### What the task requires
Repeat the lines below exactly as they appear, but leave out the images.

### Supplied information

....................

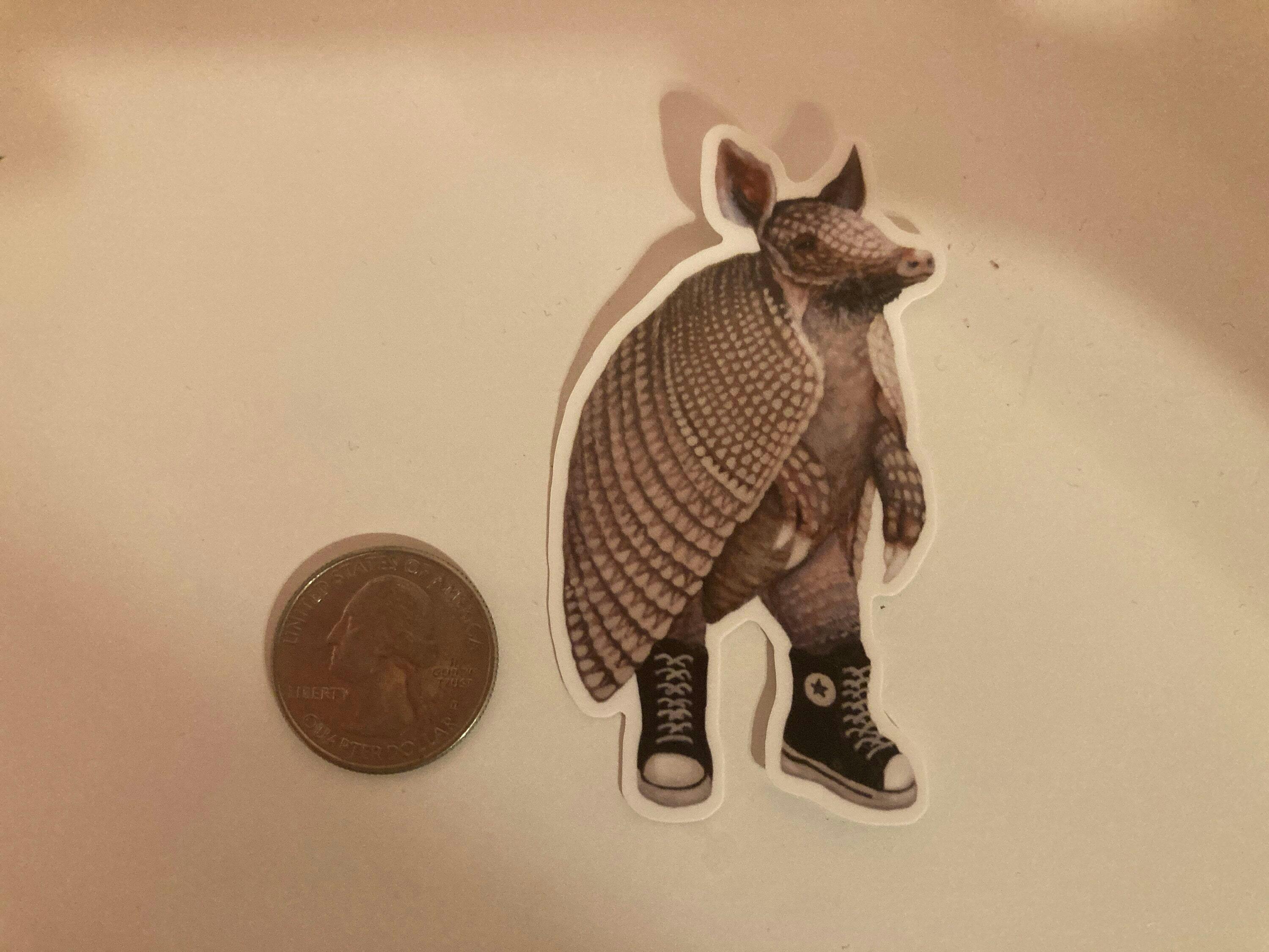 This adorable armadillo wearing converse sneakers sticker is the perfect addition to any car, laptop, or tumbler.
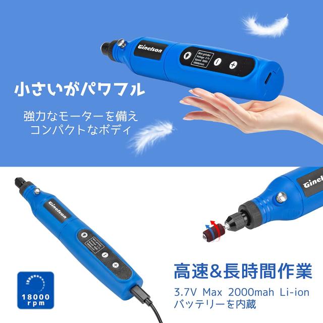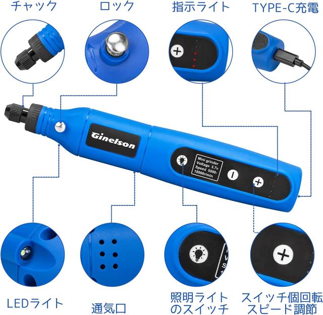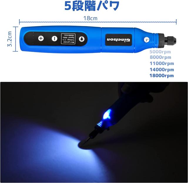 Ginelson ミニルーター 5段変速 64PCS 18000RPM高速回転 照明ライト TYPE-C充電式 コードレス コンパクト 軽量 彫刻/穴あけ/研磨/切断/切削/つや出し/マニキュア/汚れ落とし 軽作業に向け 日本語取扱説明書付き
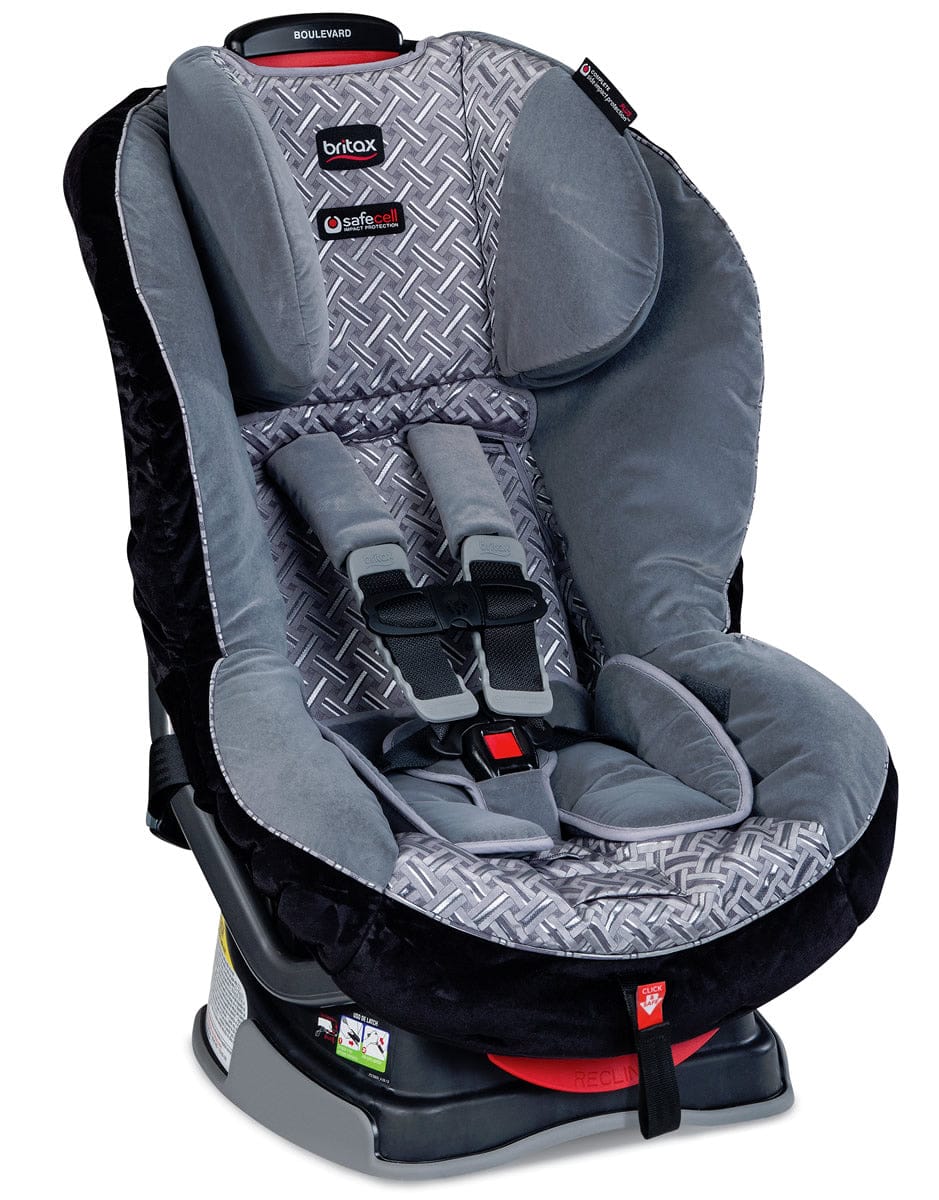 The Boulevard converts from a rear-facing position (for babies 5-40 lbs.) to a forward-facing position (for children 20-65 lbs.) and has been carefully designed to keep your little one safe and give you the confidence to simply click them in, give them a kiss and go.

....................

### The completed task
 This adorable armadillo wearing converse sneakers sticker is the perfect addition to any car, laptop, or tumbler.
 Ginelson ミニルーター 5段変速 64PCS 18000RPM高速回転 照明ライト TYPE-C充電式 コードレス コンパクト 軽量 彫刻/穴あけ/研磨/切断/切削/つや出し/マニキュア/汚れ落とし 軽作業に向け 日本語取扱説明書付き
 The Boulevard converts from a rear-facing position (for babies 5-40 lbs.) to a forward-facing position (for children 20-65 lbs.) and has been carefully designed to keep your little one safe and give you the confidence to simply click them in, give them a kiss and go.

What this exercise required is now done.